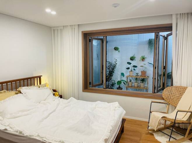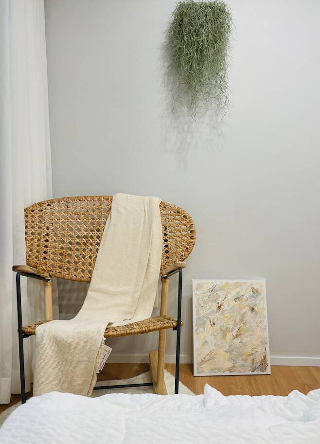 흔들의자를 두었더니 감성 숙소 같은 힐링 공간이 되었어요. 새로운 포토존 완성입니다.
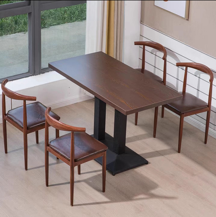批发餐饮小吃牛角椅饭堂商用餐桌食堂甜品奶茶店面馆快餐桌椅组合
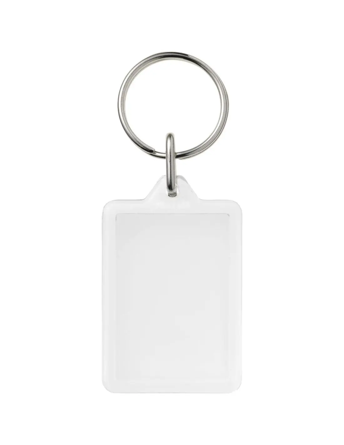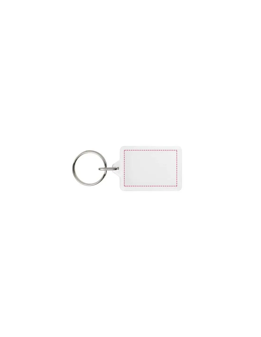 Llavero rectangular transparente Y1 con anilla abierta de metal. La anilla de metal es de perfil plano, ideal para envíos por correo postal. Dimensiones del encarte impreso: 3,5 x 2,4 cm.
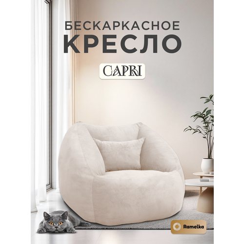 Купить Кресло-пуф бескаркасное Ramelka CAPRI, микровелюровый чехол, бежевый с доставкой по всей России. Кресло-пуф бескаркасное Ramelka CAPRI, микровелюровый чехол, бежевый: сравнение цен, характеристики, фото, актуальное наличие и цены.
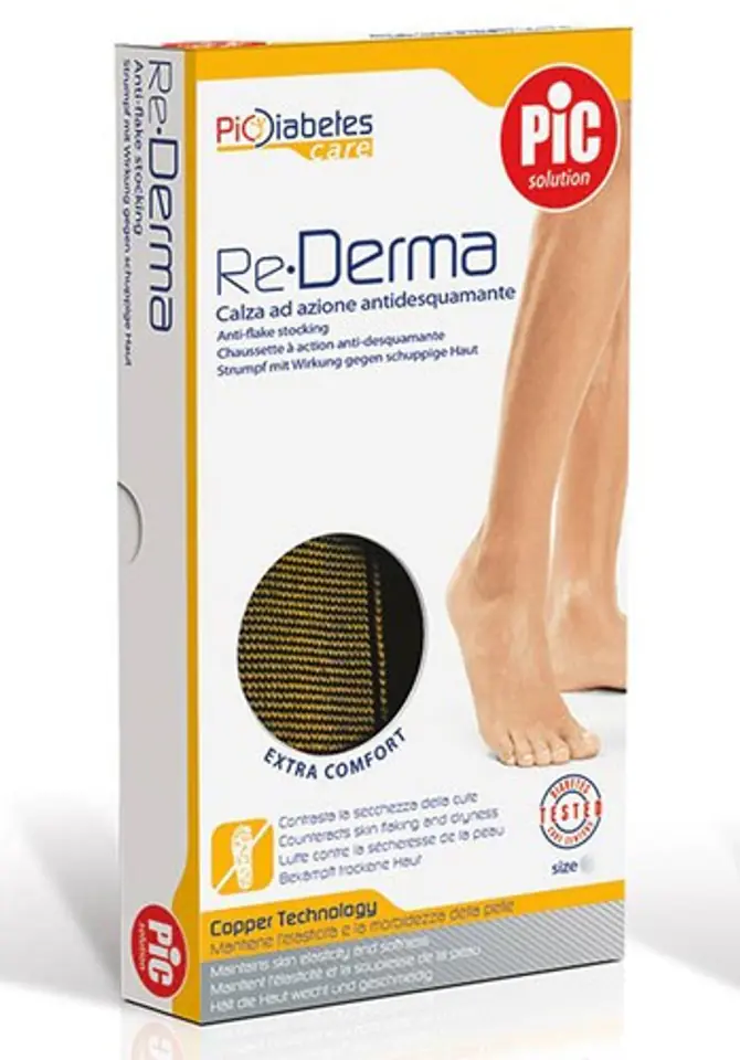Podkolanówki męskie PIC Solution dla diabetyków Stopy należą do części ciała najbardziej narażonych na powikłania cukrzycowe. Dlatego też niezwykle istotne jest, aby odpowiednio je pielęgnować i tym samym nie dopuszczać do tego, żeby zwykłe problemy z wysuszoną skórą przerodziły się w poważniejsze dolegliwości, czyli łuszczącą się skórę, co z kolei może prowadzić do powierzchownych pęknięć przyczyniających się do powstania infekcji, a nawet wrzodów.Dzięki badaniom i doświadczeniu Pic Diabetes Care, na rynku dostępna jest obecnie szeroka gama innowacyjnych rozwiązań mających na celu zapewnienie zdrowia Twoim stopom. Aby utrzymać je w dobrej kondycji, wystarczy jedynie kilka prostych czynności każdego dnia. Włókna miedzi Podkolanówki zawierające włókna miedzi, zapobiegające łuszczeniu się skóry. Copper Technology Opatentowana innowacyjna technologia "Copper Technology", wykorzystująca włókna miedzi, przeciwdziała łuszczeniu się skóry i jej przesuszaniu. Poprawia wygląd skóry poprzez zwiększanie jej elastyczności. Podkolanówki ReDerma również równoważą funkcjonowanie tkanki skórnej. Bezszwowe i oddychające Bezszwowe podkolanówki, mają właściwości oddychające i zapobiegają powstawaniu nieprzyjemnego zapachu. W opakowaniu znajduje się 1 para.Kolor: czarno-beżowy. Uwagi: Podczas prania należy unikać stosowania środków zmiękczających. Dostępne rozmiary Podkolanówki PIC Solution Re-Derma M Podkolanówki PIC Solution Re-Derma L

= Task objective =
From the listing above, print every entry precisely and drop the pictures.

= Output below =
 흔들의자를 두었더니 감성 숙소 같은 힐링 공간이 되었어요. 새로운 포토존 완성입니다.
批发餐饮小吃牛角椅饭堂商用餐桌食堂甜品奶茶店面馆快餐桌椅组合
 Llavero rectangular transparente Y1 con anilla abierta de metal. La anilla de metal es de perfil plano, ideal para envíos por correo postal. Dimensiones del encarte impreso: 3,5 x 2,4 cm.
 Купить Кресло-пуф бескаркасное Ramelka CAPRI, микровелюровый чехол, бежевый с доставкой по всей России. Кресло-пуф бескаркасное Ramelka CAPRI, микровелюровый чехол, бежевый: сравнение цен, характеристики, фото, актуальное наличие и цены.
Podkolanówki męskie PIC Solution dla diabetyków Stopy należą do części ciała najbardziej narażonych na powikłania cukrzycowe. Dlatego też niezwykle istotne jest, aby odpowiednio je pielęgnować i tym samym nie dopuszczać do tego, żeby zwykłe problemy z wysuszoną skórą przerodziły się w poważniejsze dolegliwości, czyli łuszczącą się skórę, co z kolei może prowadzić do powierzchownych pęknięć przyczyniających się do powstania infekcji, a nawet wrzodów.Dzięki badaniom i doświadczeniu Pic Diabetes Care, na rynku dostępna jest obecnie szeroka gama innowacyjnych rozwiązań mających na celu zapewnienie zdrowia Twoim stopom. Aby utrzymać je w dobrej kondycji, wystarczy jedynie kilka prostych czynności każdego dnia. Włókna miedzi Podkolanówki zawierające włókna miedzi, zapobiegające łuszczeniu się skóry. Copper Technology Opatentowana innowacyjna technologia "Copper Technology", wykorzystująca włókna miedzi, przeciwdziała łuszczeniu się skóry i jej przesuszaniu. Poprawia wygląd skóry poprzez zwiększanie jej elastyczności. Podkolanówki ReDerma również równoważą funkcjonowanie tkanki skórnej. Bezszwowe i oddychające Bezszwowe podkolanówki, mają właściwości oddychające i zapobiegają powstawaniu nieprzyjemnego zapachu. W opakowaniu znajduje się 1 para.Kolor: czarno-beżowy. Uwagi: Podczas prania należy unikać stosowania środków zmiękczających. Dostępne rozmiary Podkolanówki PIC Solution Re-Derma M Podkolanówki PIC Solution Re-Derma L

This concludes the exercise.